Aparentemente, a juzgar por sus políticas y por su retórica, el
progresismo creyó posible “salir del neoliberalismo” y “luchar contra el
imperialismo” profundizando la matriz extractivista y acelerando al
extremo la exportación de materia y energía. Entendiendo el
“post-neoliberalismo” como políticas de “inclusión social” (vía
programas masivos de asistencia social, incremento de los presupuestos
de la infraestructura y prestaciones estatales de servicios básicos,
incentivos al mercado interno para dinamizar el crecimiento del consumo
interno, del empleo, los salarios y la demanda agregada en general) los
gobiernos progresistas materializaron el pasaje del Consenso de
Washington al Consenso de Beijing o “consenso de las commodities”
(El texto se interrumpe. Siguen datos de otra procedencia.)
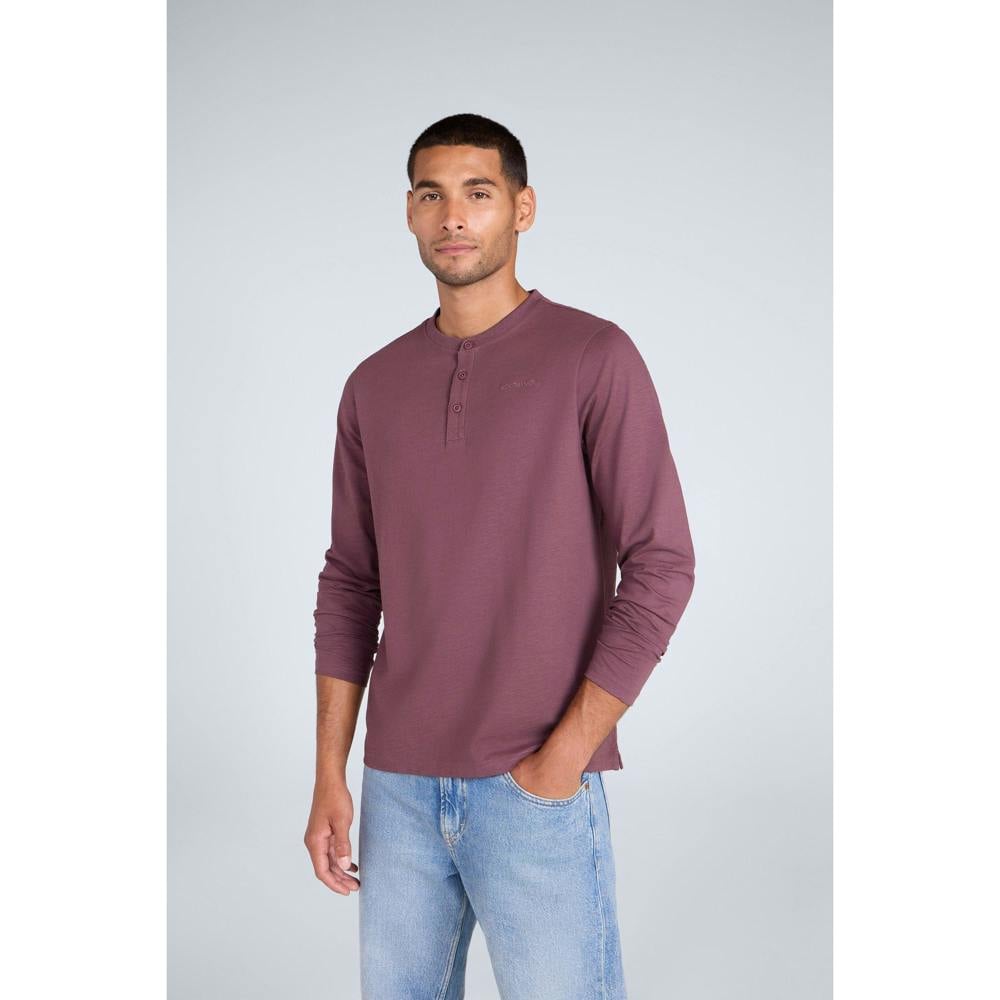 This men’s Noah Henley T-shirt comes in dark purple with a plain finish and embroidered logo detail. Made from organic cotton with added elastane, it has a lightweight feel and a long-sleeved silhouette. The Henley neckline is finished with a three-button placket and button fastening for a clean, practical front detail.

(Svampa, 2013). Sus políticas “revolucionarias” fueron -en el fondo- no
otra cosa que un momentáneo retorno a políticas neokeynesianas. La renta
extractivista que financió las “políticas de inclusión” (al consumo de
mercado) operaron en realidad una nueva oleada de apropiación y despojo
de tierras, agua y energía, extranjerización y re-primarización del
aparato productivo, mayor penetración y concentración del poder
(económico, político e institucional) en manos de grandes empresas
transnacionales; en suma, expansión de las fronteras materiales y
simbólicas del capital hacia cada vez más amplias y profundas esferas de
la vida social.
La “inclusión social” fue, de hecho, inclusión como consumidores; “tener derechos” pasó a significar -para amplias mayorías- ser beneficiario de ciertos programas sociales y tener acceso a cierta cuota de consumo en el mercado. La “redistribución del ingreso” no afectó las desigualdades sociales básicas ni alteró la estructura de clases; los gobiernos progresistas, en verdad, ni hablaron de “lucha de clases” o superación de una sociedad de clases: su objetivo manifiesto fue la “ampliación de las clases medias”. A la par del consumo social compensatorio para las anchas bases de la pirámide social, se expandió el consumo exclusivo de las élites y el consumismo mimético de las clases medias.
Por
supuesto, esto no significó desmercantilizar nada, en ningún sentido,
sino, al contrario, abrir paso a una inédita intensificación y
ampliación de horizonte de la mercantilización, tanto a nivel de las
prácticas sociales objetivadas, como a nivel de las subjetividades y
sensibilidades, incluso en el imaginario social de los sectores
populares. En definitiva,
en este sentido fundamental, los gobiernos progresistas no marcaron una
“etapa post-neoliberal”, sino que fueron la prolongación y
profundización del neoliberalismo por otros medios. Todo eso, financiado
por la exportación creciente de materias primas; por la profundización
del extractivismo.
Así,
nuestro crecimiento “a tasas chinas” fue funcional a la revitalización
de la dinámica de acumulación global. Cada carga de nuestras
exportaciones alimentó la locomotora capitalista mundial con gravosos
subsidios ecológicos extraídos de nuestros territorios/cuerpos. Cada
punto de incremento en la demanda mundial (china) de nuestras materias
primas dio mayor impulso a la ola de despojo, devastación de ecosistemas
y mercantilización de bienes comunes y cuerpos humanos. Cada nueva obra
pública, cada incremento en la “inversión” en carreteras,
hidroeléctricas, puertos, hidrovías y cuanta infraestructura pública se
hizo para “mejorar la conectividad regional” y la “integración
latinoamericana” significó, sí, más empleo, más consumo popular, pero
también, mayor apropiación de plusvalía por parte de grandes
transnacionales, aumento del poder económico y político de la clase
capitalista mundial y de los segmentos de las burguesías internas; en
fin, intensificación y profundización de las economías de enclave:
fragmentación territorial de los ecosistemas, debilitamiento de los
entramados productivos endógenos, pérdida de sustentabilidad y autonomía
económica, tecnológica, financiera y, al contrario, profundización de
nuestra inserción estructuralmente subordinada y dependiente.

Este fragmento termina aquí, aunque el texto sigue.